I'm still waiting for a number of frequent commentors to weigh in. They are the usual GOP bashers, and they're silent on this. Wonder why?

Paul was at a symposium within the past few days, and his hobby horse was "immigration reform." But it's not the kind that many of us would hope for. What he wants is, in a word, more. Oh, he couches it in terms of getting "the finest minds" into the US and keeping them, but we all should know by now that what he wants is even freer access to indentured Indians at Qualcomm. Odd that Qualcomm doesn't recruit from the nearby UCSD engineering school that bears his father and mother's name. Nope, those grads are too independent in their thinking and have a strange work ethic (wanting to be rewarded for hard work) and won't stay put.

For a long time, I've found party affiliation generally irrelevant when looking at local offices.
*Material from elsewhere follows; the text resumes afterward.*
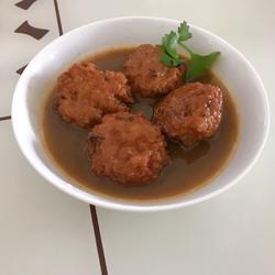 5. Heat the pot, add a little oil, add water, dark soy sauce, light soy sauce, oyster sauce to color, add meatballs, and bring to a boil Then simmer on low heat for 20 minutes, then add a little starch to thicken it before serving

But now it seems to be increasingly irrelevant at the national level. Here we have supposedly "liberal" Dems creating and using a complicated and generally unknown tax dodge.

Final point: The estate tax was established for revenue, but also to break up family dynasties that came out of the Robber Baron era. It was aimed squarely at those with names such as Vanderbilt, Rockefeller, and Gould, along with many others. It could still do that if dynasties such as Jacobs were obliged to pay it. But they will not, and the dynastic families will continue to accrue huge wealth. Does some of this explain why old Irwin gave so much to Obama's campaign?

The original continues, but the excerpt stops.